Pasta la Vista, Baby: The Changing Italian Diet

25 years ago, Italian families ate more meat, drank more wine but put less fish and pasta on the table. La famiglia also usually shopped in small local stores — there were five times fewer supermarkets — and 85% of the time ate at home.

These are some of the changes tracked in a study (.pdf Italian only) by national food industry lobby Federalimentare to mark its 1983 founding, back when Socialist Bettino Craxi first stepped into office and pop hit “Vamos a la Playa” had Italians singing into their watches.

Rapid changes after World War II first revolutionized Italian eating habits, breaking some long-standing stereotypes. In the early 1950s, the Italian mamma spent a good chunk of her day preparing a hearty lunch, while her new millennium counterpart, less likely to be a stay at home mother, spends just a third of that time in the kitchen.
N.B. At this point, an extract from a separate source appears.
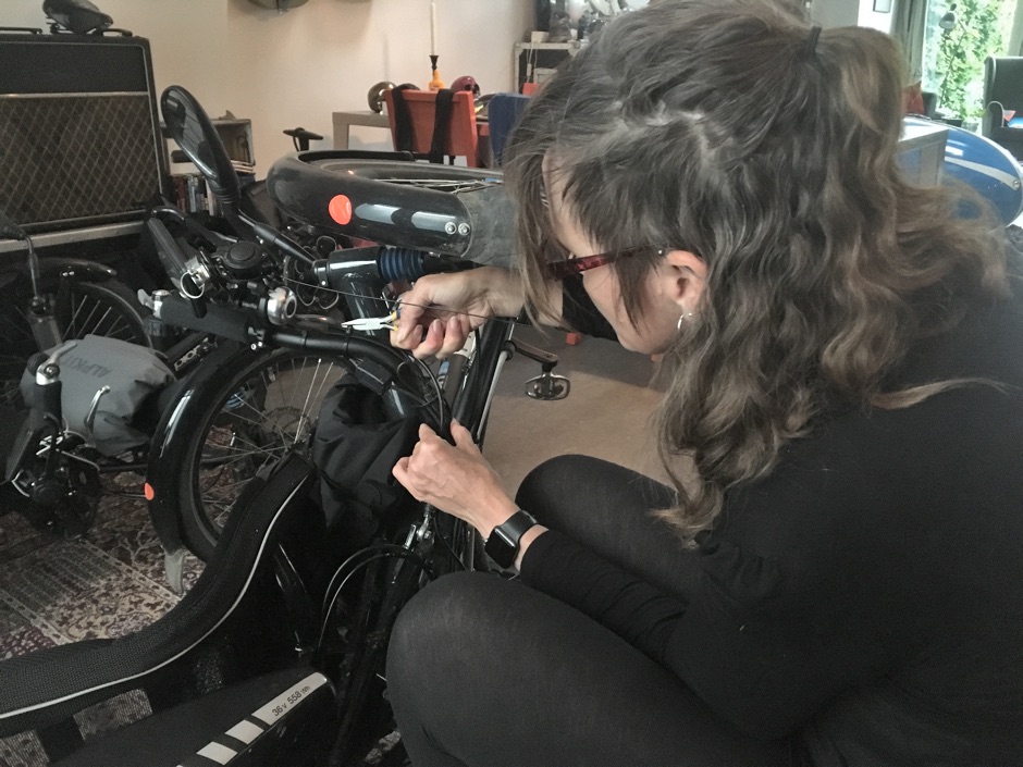 Onderweg kan je je telefoon opladen met een powerbank, bijvoorbeeld tijdens een lunchpauze. Dit kan echter ook tijdens het rijden. Met klittenband heb ik een stem cell (afgekeken van bikepacking) aan het bar end gehangen. Hier kan ik een powerbank in stoppen en het draadje eruit laten komen om de telefoon onderweg op te laden. Zo’n stem cell is een handig waterafstotend afsluitbaar zakje ter grootte van een flinke koffiemok waar kleine dingetjes inpassen die je onderweg graag bij de hand hebt, zoals kleingeld voor de veerpont en een tubetje zonnebrandmiddel. Maar opladen kan nog mooier als je een elektrische trike hebt!

In the post-war period, Italians also spent half the family income on food. From 1983-2008, money spent on groceries dropped eight percent to 17.7% of the budget. They now eat 10% less meat, 10% more pasta and bread but about the same amount (18%) of fruit and veg. Beverages have flip-flopped: Italians now spend 5% of the budget on juice, bottled water and soda, five times more than in the 1980s when that same percentage was allotted for wine and spirits.

Some staples of the Italian postwar diet that have now disappeared include smoked herring (often eaten with polenta), tinned milk and carob beans, sucked like candy.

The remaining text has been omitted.